By Catherine Fitzgerald
Originally Published in Be Still Magazine, Issue 13
I went over my usual list of expectations as we sat down at the picnic tables under the park shelter. Play nicely. Stay where I can see you. Don’t leave this area. Expecting everyone to scatter in different directions immediately, I turned toward the moms I was with as my littlest suddenly chimed in, “And look for the kids with their heads down, right mommy? Because that means they need a fwend to play wif.”
“That’s right, sweet girl,” I sputtered out as I tried to hold back the tears that seemed to flow straight from my mama heart. Motherhood can seem like a never-ending, monotonous toiling of sowing seeds into little souls. The days as they say, can feel so long and the nights can be filled with discouragement of all the should’ves and could’ves. I began to wonder why this exchange had created such a stir in me, and I realized it was because those words showed that my three-year-old, the “threenager” as we affectionately call her, understood that seeking out the lonely is just as important as staying within the bounds mom set. This was coming from the child, who for that season, was the one I was struggling with the most, wondering daily if anything I said or did in training her even mattered. This child had grasped one of our family’s highest held values, pay close attention to those around you and meet their needs. And for a mama who wearily laid her head down each night, questioning if I was doing anything right to train and disciple her, it was a reminder of what I already knew—He is the one who grows the seeds I faithfully sow.

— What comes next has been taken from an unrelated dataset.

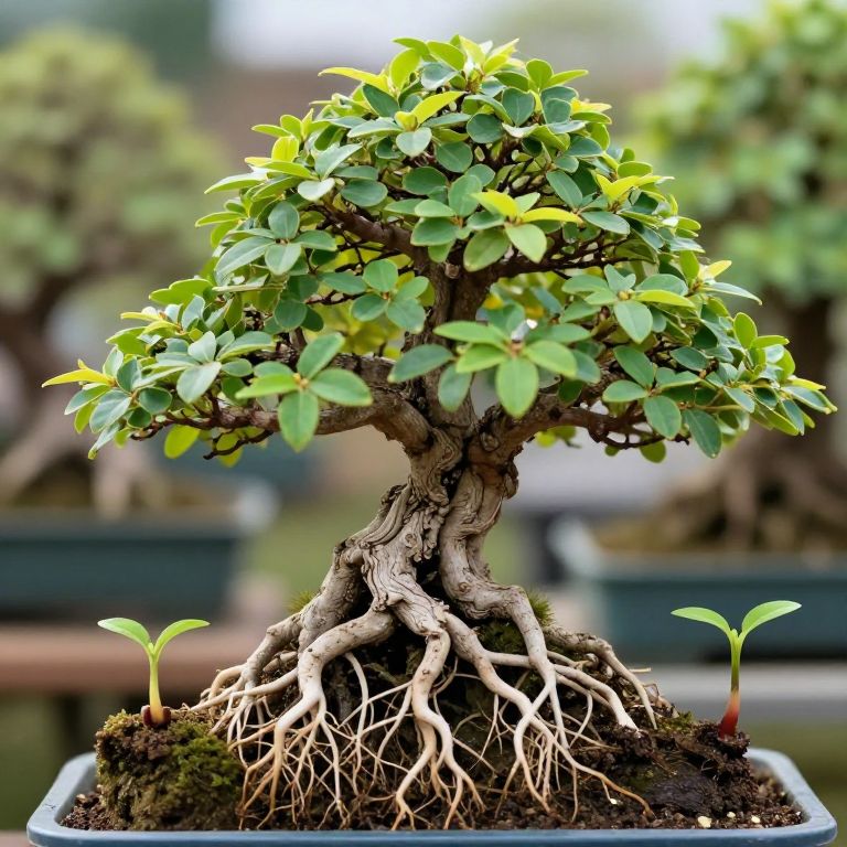 Photograph of a bonsai tree with vibrant green leaves, exposed roots, and small seedlings, set in a blurred garden background.

So often, we think if we can just control the external behaviors of these little lives entrusted into our care, we can finally rest well each night. But it doesn’t take one long to realize that if you fetter your hope to your child’s performance, you might never sleep. The reality is that our children are willful and sin-filled, just as we are. And to hold our breath for them to finally “act right” will keep us breathless and exhausted. Instead, we are to grab a till and painstakingly thrust it into the hard terrain of our children’s heart, slowly breaking through the crusted earth below. Over and over again, we speak seeds of the gospel. Love one another. Be kind. Forgive. Confess. Repent. Now, do it once more. Again. And again. Many days it can feel like we haven’t even broken ground as disobedience abounds, sibling squabbles ensue, and hearts run cold.

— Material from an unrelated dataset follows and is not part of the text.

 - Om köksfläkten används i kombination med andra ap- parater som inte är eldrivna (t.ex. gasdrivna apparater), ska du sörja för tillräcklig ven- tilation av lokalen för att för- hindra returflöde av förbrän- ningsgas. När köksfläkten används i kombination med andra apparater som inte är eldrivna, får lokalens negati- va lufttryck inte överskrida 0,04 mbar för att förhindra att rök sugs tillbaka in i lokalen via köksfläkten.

The Apostle Paul exhorted the church at Galatia to, “not become weary in doing good, for at the proper time we will reap a harvest if we do not give up” (Galatians 6:9 NIV). The word “weary” means, “to be utterly spiritless, to be wearied out, exhausted.”1 How many times in a given day, sometimes within a given hour, do I find myself completely depleted and worn out when it comes to the good work of tilling the soil of my children’s hearts for the seeds God desires to plant within them? How many times do I give up, take the path of least resistance, choose to yell instead of teach? How many ways do I lay down the tools God has set before me for the task at hand and sit idly by in a heap of disappointment while still expecting growth to come from underneath?

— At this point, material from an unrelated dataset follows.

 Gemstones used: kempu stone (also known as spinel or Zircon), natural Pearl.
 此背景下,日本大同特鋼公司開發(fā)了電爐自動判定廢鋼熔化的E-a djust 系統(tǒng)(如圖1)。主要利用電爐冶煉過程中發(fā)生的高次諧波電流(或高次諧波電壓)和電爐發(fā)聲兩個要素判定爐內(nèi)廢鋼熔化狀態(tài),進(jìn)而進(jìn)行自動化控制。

To see the harvest in our children’s lives requires a consistency that most of us in our instant gratification generation aren’t willing to entertain. It is in the everyday, unseen, daily moments in which we model and discuss all that which we desire to one day see God grow in our kids. The thing I realized that day was that my little one expressed one of our family’s dearly held expectations not because I had finally figured out the formula for modifying her wanton behavior or had gotten her to memorize a list of rules, but because day in and day out, I had planted tiny seeds of how Jesus calls us to treat others. It had been scattered in a thousand different ways—conversations in the car as we ran to and from activities, through serving local refugees and the homeless in our community, overheard discussions during homeschool history about how humanity has long mistreated one another, or asking her to look people in the eyes. It was never one single act or discussion, but all these little things adding up over time to that one moment at a park. It was teaching her to pay attention to others, something I myself was learning right alongside her.
Jesus said His kingdom was made from the tiniest of seeds. Little deposits that when they bloomed would burst forth, teeming with life. He said faith was the same. Humble beginnings that once grown could shift mountains. Like the kingdom and faith, motherhood is a lesson in learning the power of the seemingly insignificant.
Our kids are quick to pick up our expectations and boundaries as we lay them before them. We may think they aren’t hearing a word we say, but as the old adage goes, so much more is caught than taught. For the weary mama who feels like she can’t pick up the plow one more day and sow the seeds of goodness into her children’s hearts, know that the Gardener sees all the little ways you do and He will produce a harvest if you don’t give up. Just don’t give up, mama.